帕雷萨的表情看起来倒不是觉得有多疼——他和赫莫斯对视着,泪水尚且挂在面颊上,表情从悲痛变成震惊,从震惊变成戒备。
赫莫斯收回了手。
“我好失望啊,”赫莫斯的声音在墓室里激起回音,“你一点都不高兴。”
“你为什么——”
“没死?你忘了,我是不朽的半神啊。”
帕雷萨怔怔地看着他。
第七感到梦开始有了裂痕。第四稳住了梦。
“别急着醒过来啊,”赫莫斯伸出手勾住帕雷萨的下巴,“醒过来去见那个傻乎乎的我吗?哦——多么乏味,什么都不懂的小傻瓜,你和它话不投机半句多……”

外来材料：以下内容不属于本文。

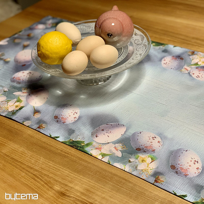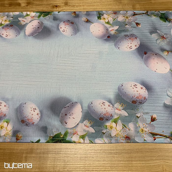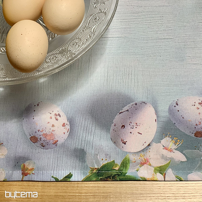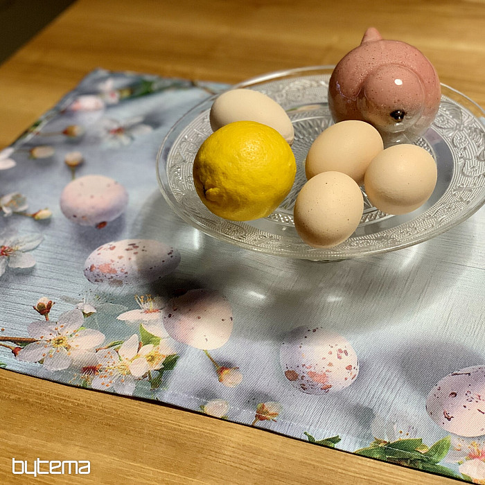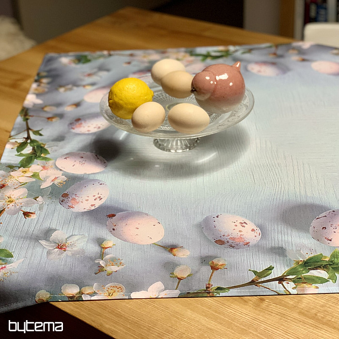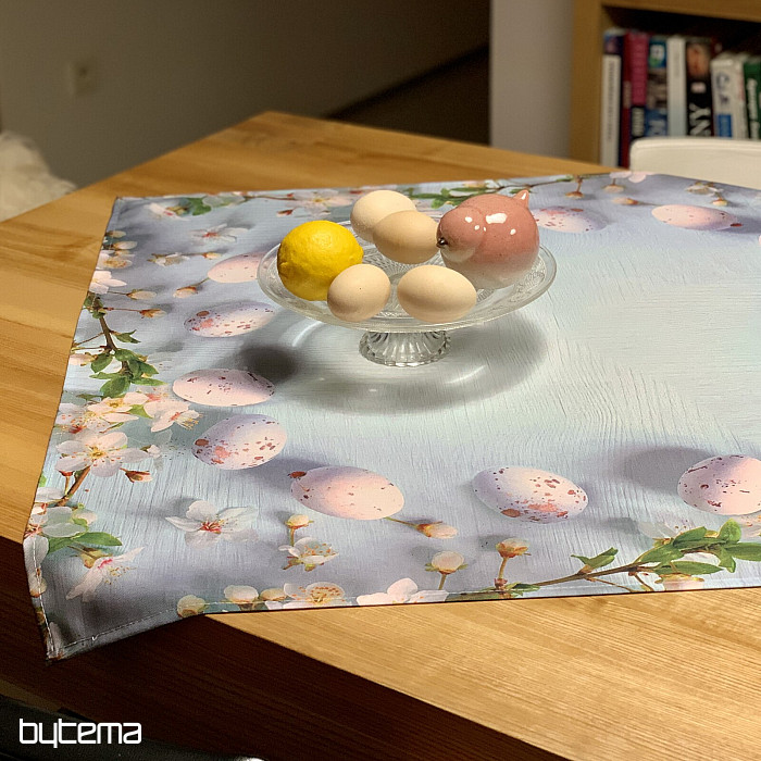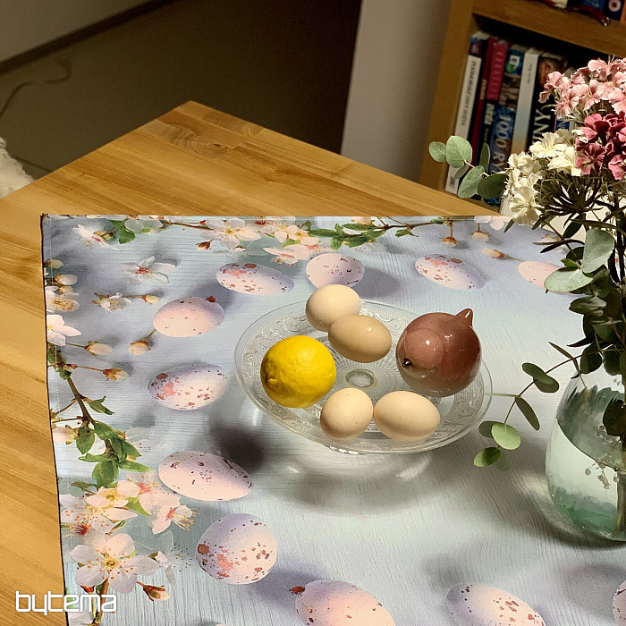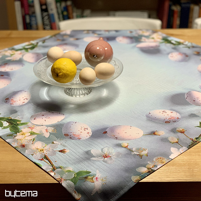 Modern, egyszerű húsvéti terítők és sálak cseresznyevirág és tojás motívummal.

“和你也不怎么投机。”帕雷萨冷冷地说,“你也没比它聪明到哪儿去。”
“在你的梦里,我就变得聪明了。”这个赫莫斯说,他翻出棺椁,坐在石台变,两手搭着帕雷萨的肩膀,“白塔法师死了,小法师太年轻了,龙王和你迥然不同,塔姆林——哦,他根本不算你的朋友,情敌还差不多……”他一个名字一个名字数过去,“你有那么多苦恼,却没有一个可以诉说的人——”
“不需要。”帕雷萨说。
“你需要,”赫莫斯说,“不然你为什么要在梦里安排我这么说?”
第七仰头看看第四,第四向它笑笑。